- **What you need to do**
Since only the written part is wanted, repeat the records exactly and omit the pictures.

+ + + +

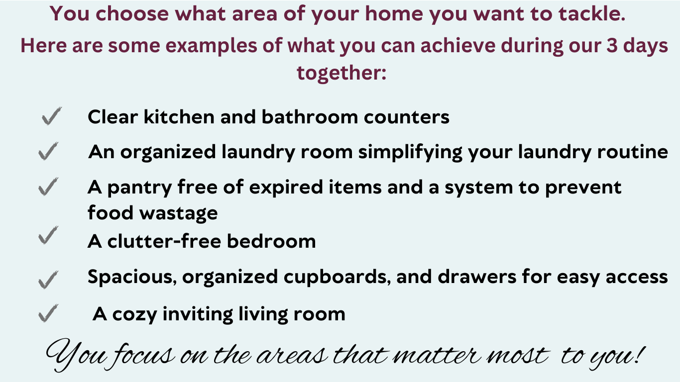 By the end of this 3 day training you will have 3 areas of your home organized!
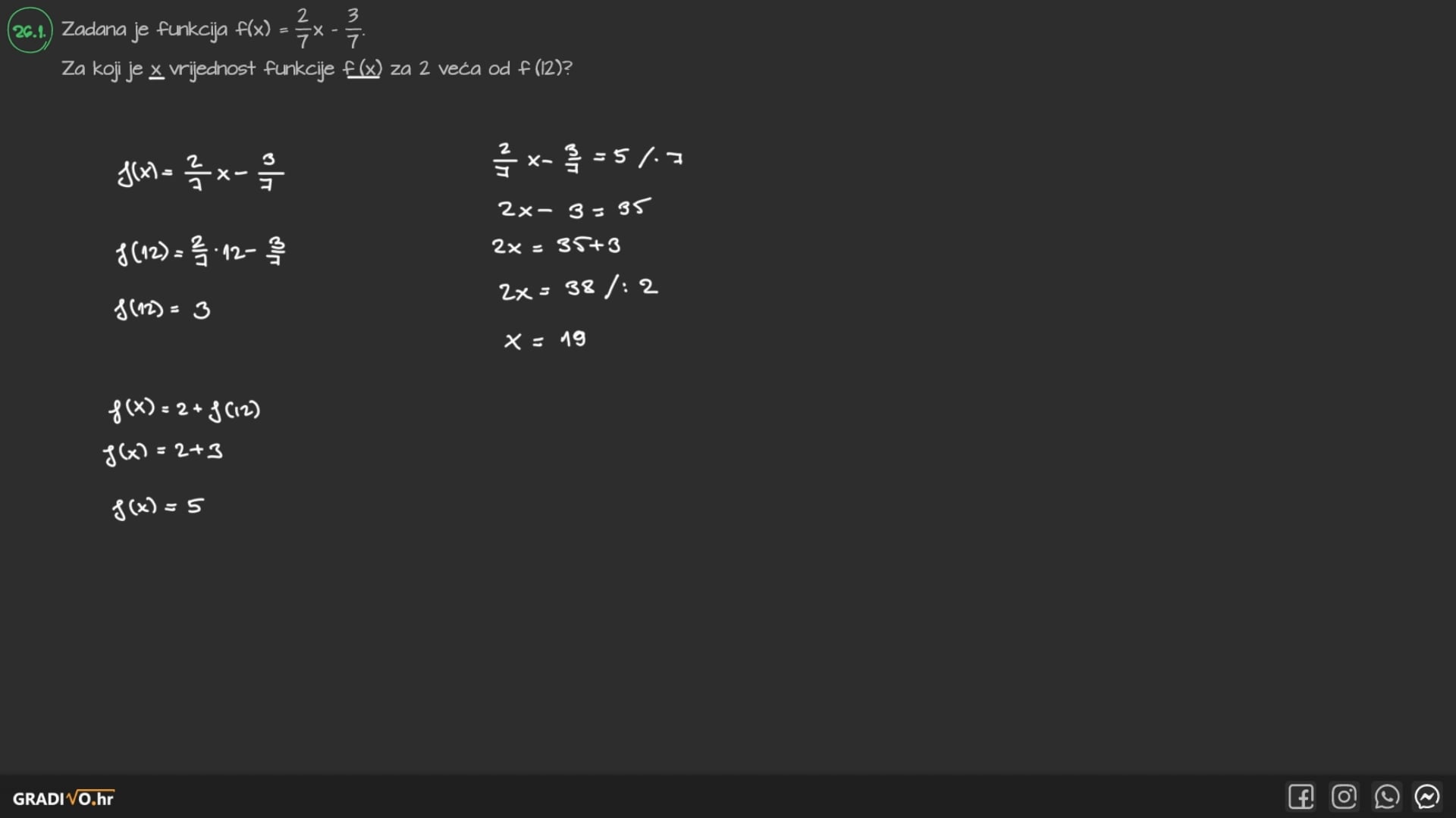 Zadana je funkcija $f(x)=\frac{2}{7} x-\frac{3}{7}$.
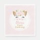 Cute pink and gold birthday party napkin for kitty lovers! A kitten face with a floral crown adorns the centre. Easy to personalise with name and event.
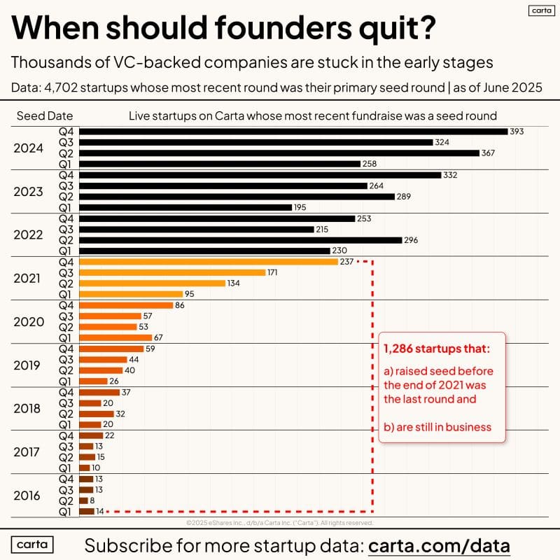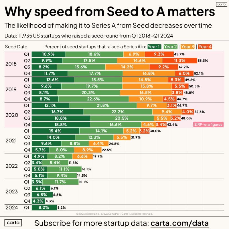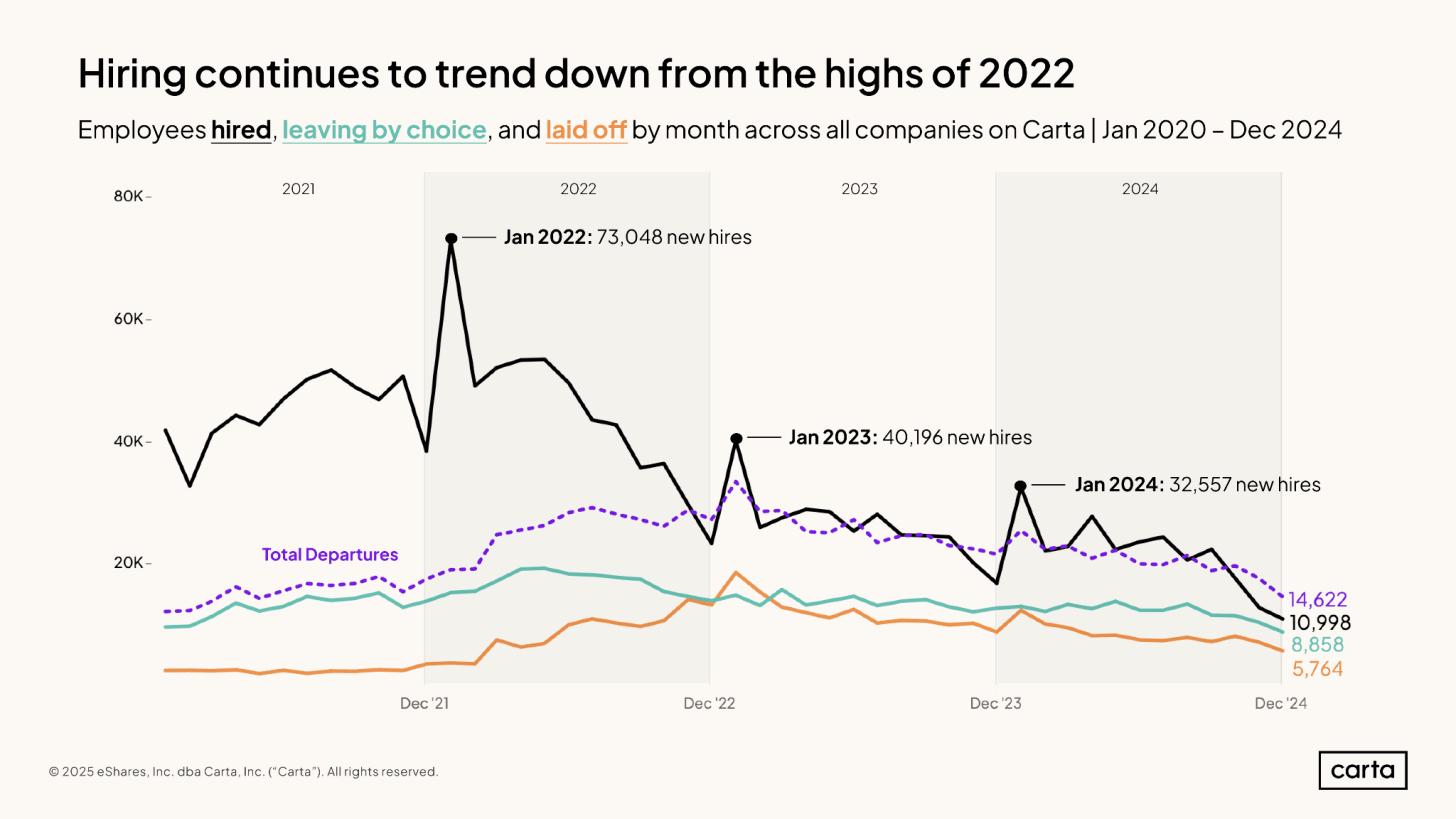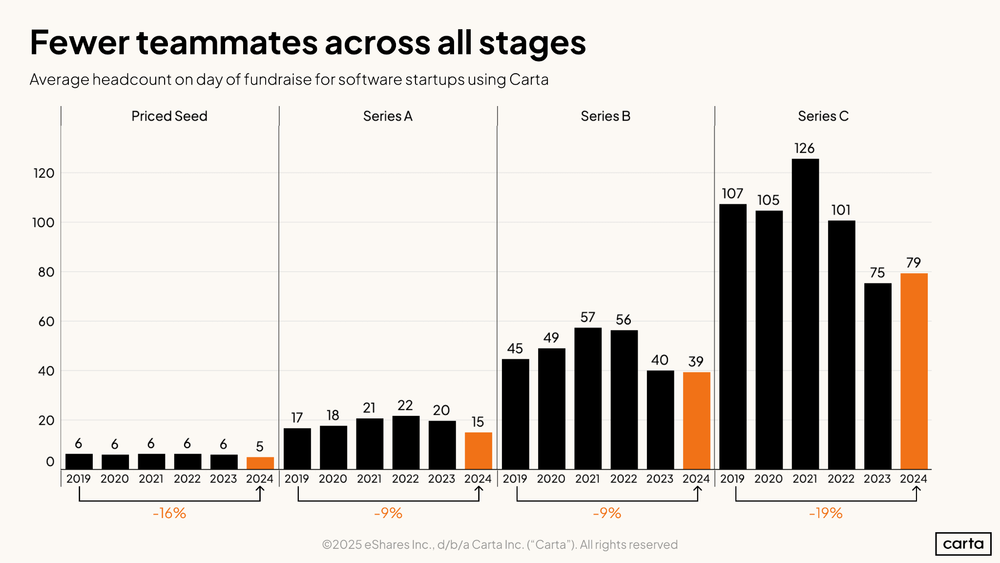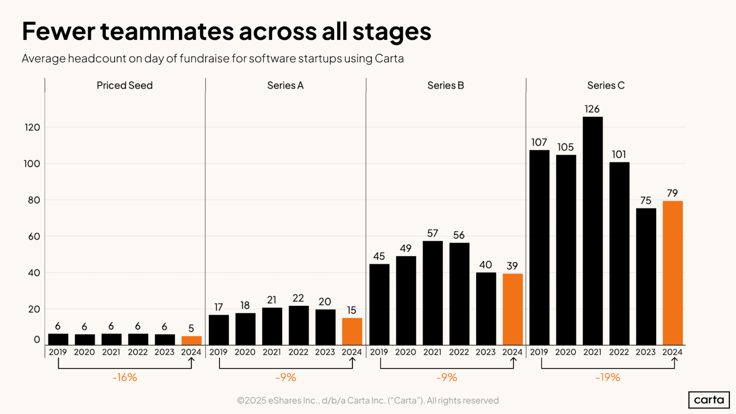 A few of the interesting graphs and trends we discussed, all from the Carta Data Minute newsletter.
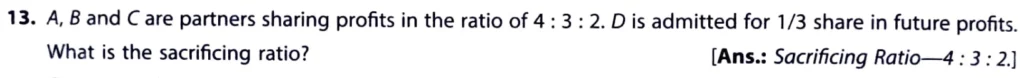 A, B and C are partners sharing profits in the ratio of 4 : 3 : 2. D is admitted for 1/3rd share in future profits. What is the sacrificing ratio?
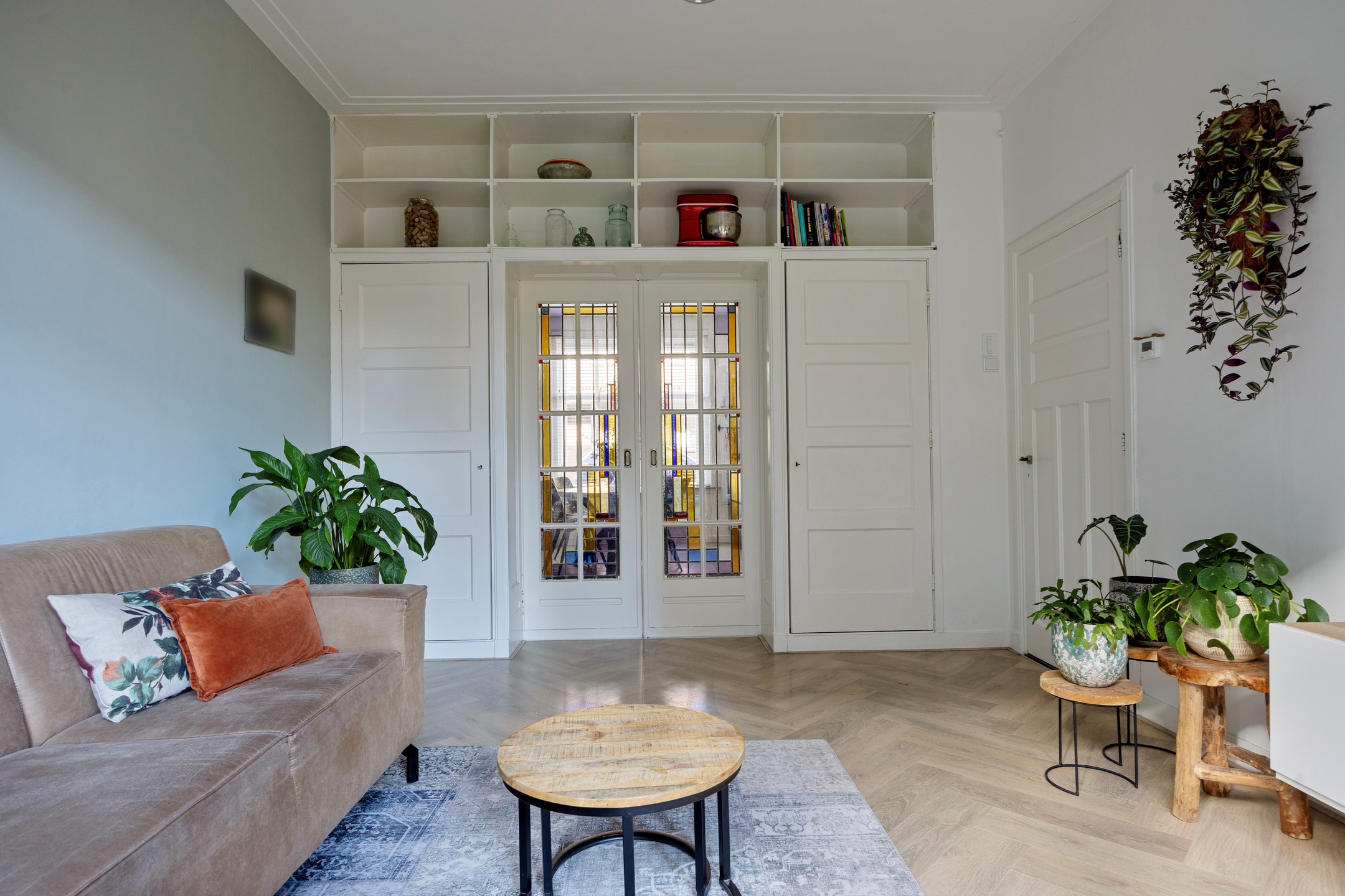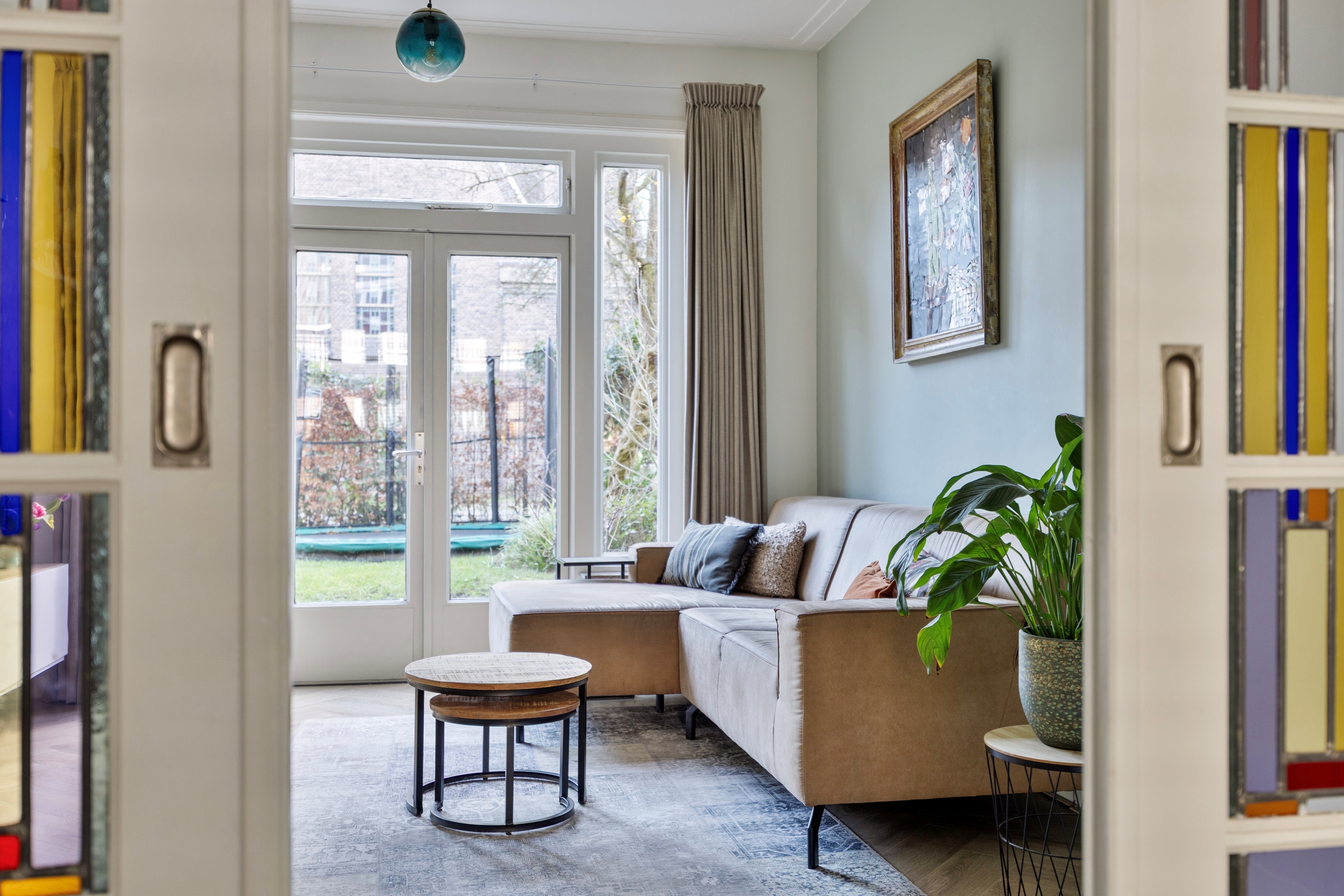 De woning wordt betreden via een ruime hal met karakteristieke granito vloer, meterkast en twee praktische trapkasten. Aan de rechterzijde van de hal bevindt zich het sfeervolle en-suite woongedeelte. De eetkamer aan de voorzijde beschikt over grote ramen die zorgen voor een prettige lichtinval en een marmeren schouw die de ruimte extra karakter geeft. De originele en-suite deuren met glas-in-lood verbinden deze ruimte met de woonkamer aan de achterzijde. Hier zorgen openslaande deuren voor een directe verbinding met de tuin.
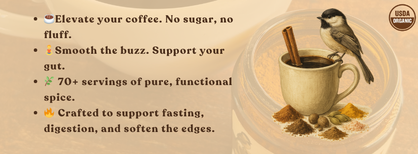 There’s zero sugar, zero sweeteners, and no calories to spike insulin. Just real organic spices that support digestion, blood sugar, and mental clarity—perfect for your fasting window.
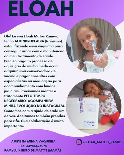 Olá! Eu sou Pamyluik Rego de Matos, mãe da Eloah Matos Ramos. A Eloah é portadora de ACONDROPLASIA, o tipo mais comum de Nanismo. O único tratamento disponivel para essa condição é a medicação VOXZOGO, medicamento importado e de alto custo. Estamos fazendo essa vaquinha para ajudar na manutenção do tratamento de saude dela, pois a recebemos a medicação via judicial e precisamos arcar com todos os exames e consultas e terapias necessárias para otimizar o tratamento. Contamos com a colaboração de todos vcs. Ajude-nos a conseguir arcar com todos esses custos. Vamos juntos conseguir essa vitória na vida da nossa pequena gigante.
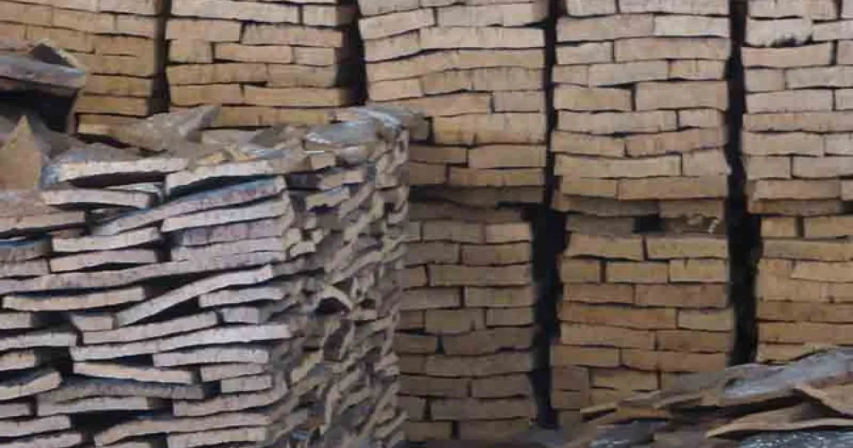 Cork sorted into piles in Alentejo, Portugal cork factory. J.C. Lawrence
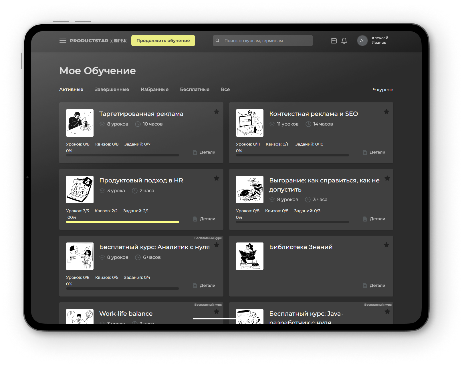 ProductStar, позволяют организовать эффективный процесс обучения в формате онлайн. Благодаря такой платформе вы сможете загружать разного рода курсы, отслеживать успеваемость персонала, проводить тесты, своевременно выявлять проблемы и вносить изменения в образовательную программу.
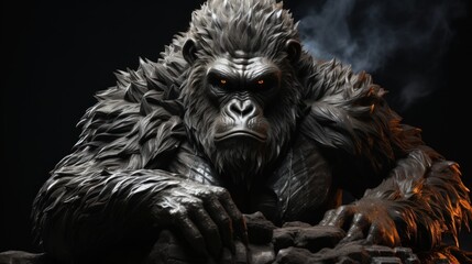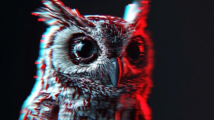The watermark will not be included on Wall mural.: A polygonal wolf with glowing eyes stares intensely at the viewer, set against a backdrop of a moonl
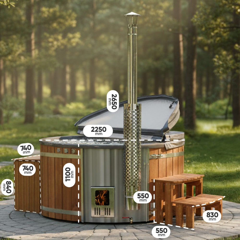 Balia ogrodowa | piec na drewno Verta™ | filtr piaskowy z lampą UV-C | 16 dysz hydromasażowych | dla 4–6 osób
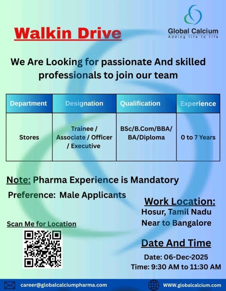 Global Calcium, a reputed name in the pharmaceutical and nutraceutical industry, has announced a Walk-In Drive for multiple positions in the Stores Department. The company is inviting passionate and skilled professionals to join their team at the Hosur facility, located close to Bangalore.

+ + + +

- **Result of this exercise**
 By the end of this 3 day training you will have 3 areas of your home organized!
 Zadana je funkcija $f(x)=\frac{2}{7} x-\frac{3}{7}$.
 Cute pink and gold birthday party napkin for kitty lovers! A kitten face with a floral crown adorns the centre. Easy to personalise with name and event.
 A few of the interesting graphs and trends we discussed, all from the Carta Data Minute newsletter.
 A, B and C are partners sharing profits in the ratio of 4 : 3 : 2. D is admitted for 1/3rd share in future profits. What is the sacrificing ratio?
 De woning wordt betreden via een ruime hal met karakteristieke granito vloer, meterkast en twee praktische trapkasten. Aan de rechterzijde van de hal bevindt zich het sfeervolle en-suite woongedeelte. De eetkamer aan de voorzijde beschikt over grote ramen die zorgen voor een prettige lichtinval en een marmeren schouw die de ruimte extra karakter geeft. De originele en-suite deuren met glas-in-lood verbinden deze ruimte met de woonkamer aan de achterzijde. Hier zorgen openslaande deuren voor een directe verbinding met de tuin.
 There’s zero sugar, zero sweeteners, and no calories to spike insulin. Just real organic spices that support digestion, blood sugar, and mental clarity—perfect for your fasting window.
 Olá! Eu sou Pamyluik Rego de Matos, mãe da Eloah Matos Ramos. A Eloah é portadora de ACONDROPLASIA, o tipo mais comum de Nanismo. O único tratamento disponivel para essa condição é a medicação VOXZOGO, medicamento importado e de alto custo. Estamos fazendo essa vaquinha para ajudar na manutenção do tratamento de saude dela, pois a recebemos a medicação via judicial e precisamos arcar com todos os exames e consultas e terapias necessárias para otimizar o tratamento. Contamos com a colaboração de todos vcs. Ajude-nos a conseguir arcar com todos esses custos. Vamos juntos conseguir essa vitória na vida da nossa pequena gigante.
 Cork sorted into piles in Alentejo, Portugal cork factory. J.C. Lawrence
 ProductStar, позволяют организовать эффективный процесс обучения в формате онлайн. Благодаря такой платформе вы сможете загружать разного рода курсы, отслеживать успеваемость персонала, проводить тесты, своевременно выявлять проблемы и вносить изменения в образовательную программу.
The watermark will not be included on Wall mural.: A polygonal wolf with glowing eyes stares intensely at the viewer, set against a backdrop of a moonl
 Balia ogrodowa | piec na drewno Verta™ | filtr piaskowy z lampą UV-C | 16 dysz hydromasażowych | dla 4–6 osób
 Global Calcium, a reputed name in the pharmaceutical and nutraceutical industry, has announced a Walk-In Drive for multiple positions in the Stores Department. The company is inviting passionate and skilled professionals to join their team at the Hosur facility, located close to Bangalore.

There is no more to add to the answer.